In 2019, the company acquired Lackawanna Insurance Group. Later that year, the company also launched Gainbridge, its technology driven platform that allows for people to invest in an easier manner. In 2020, the company acquired RVI Group. In 2021, Guggenheim Life and Annuity Company was added as part of Group 1001 and, in 2022, was rebranded as Clear Spring Life and Annuity Company. In 2023, the company sold its subsidiary, the Delaware Life Insurance Company of New York, to Nassau Financial Group.

== Subsidiaries and affiliates ==
- Clear Spring Health
- Clear Spring Life & Annuity Company
- Clear Spring Property & Casualty Group
- Delaware Life Insurance
- Gainbridge
- RVI Group

== Partnerships ==
Group 1001 invests in strategic partnerships to connect with and transform communities through education and sports.

2024 Community Impact Report

== Ransomware attack class-action lawsuit ==
On February 9, 2023, the company sustained a ransomware attack.

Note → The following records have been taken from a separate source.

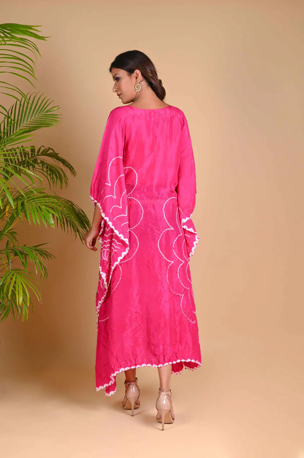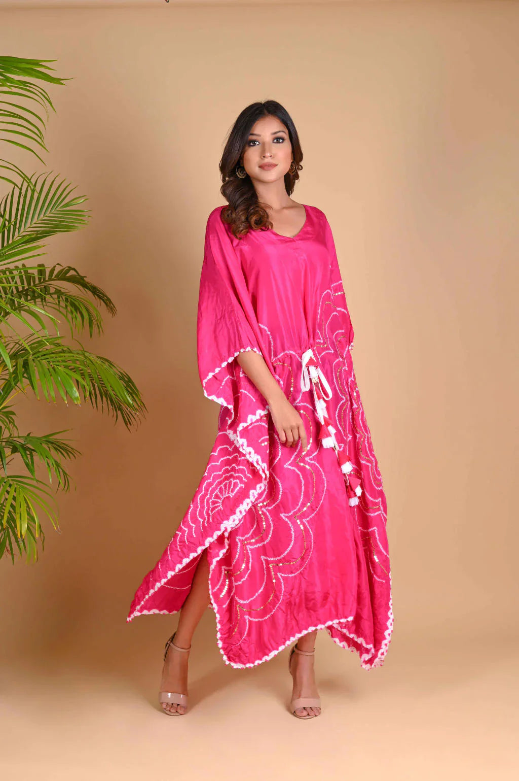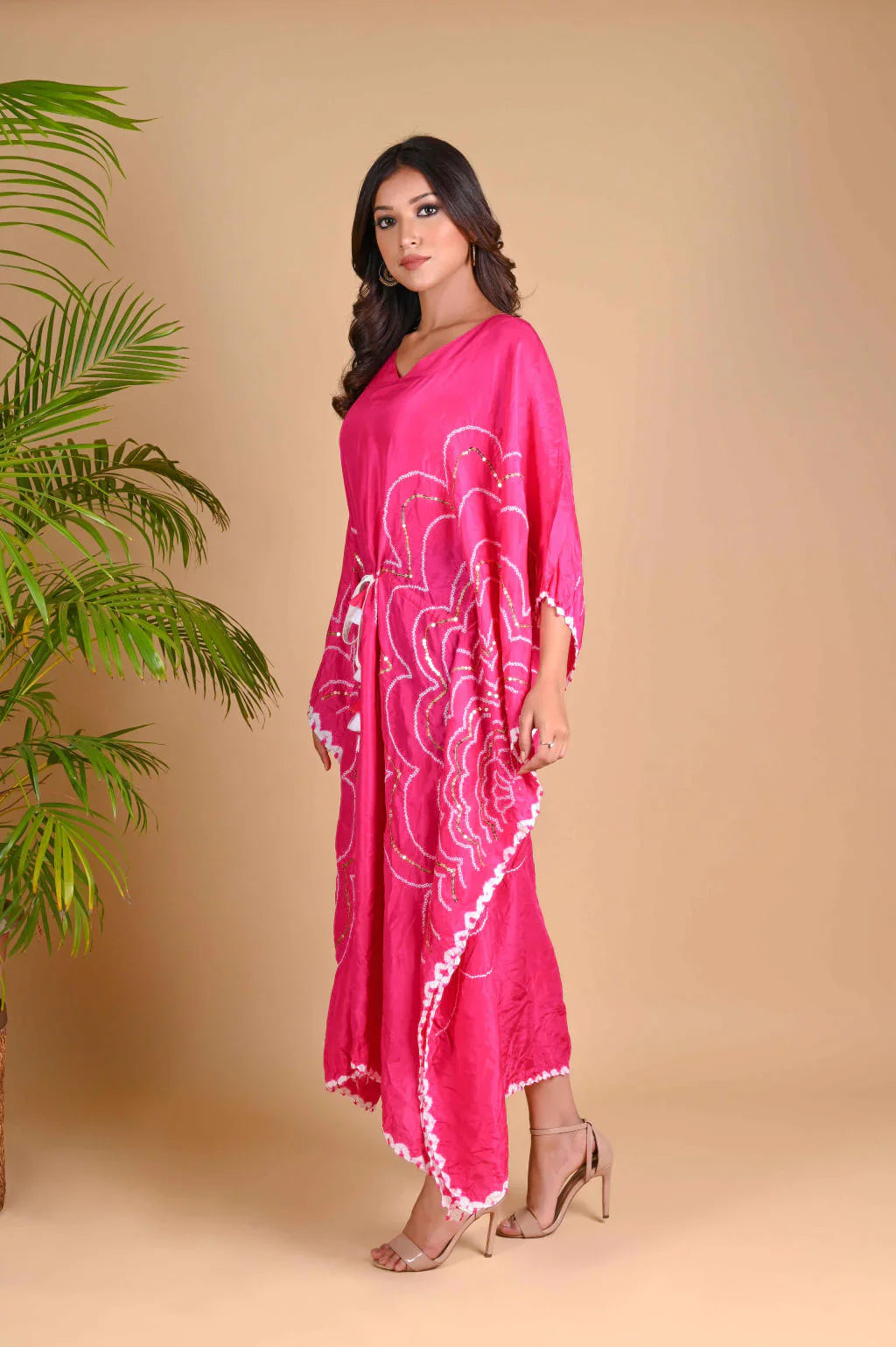 Bandhani flower motifs placed on either side of the kaftan are highlighted with sequence. The drawstring at the waist has handmade tassle and shell details.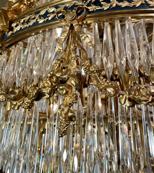 Antique French Baccarat Crystal & Bronze D'ore Waterfall Chandelier, Circa 1880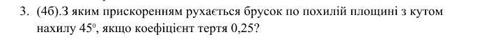 Таким чином, брусок буде рухатися з прискоренням близько 2,84 м/с по нахилій площині під кутом 45 градусів при коефіцієнті тертя 0,25.

All of Group 1001's affiliated companies were effected by the attack, except for Gainbridge. The company's operations were restored by March 1, 2023.

As a result of the attack, a class-action suit was filed against the company. A $4,759,470 settlement fund was established to provide for Group 1001 customers who may have had their information stolen as a result of the ransomware attack. The fund would help pay the victims for any lost time or out-of-pocket losses stemming from the attack.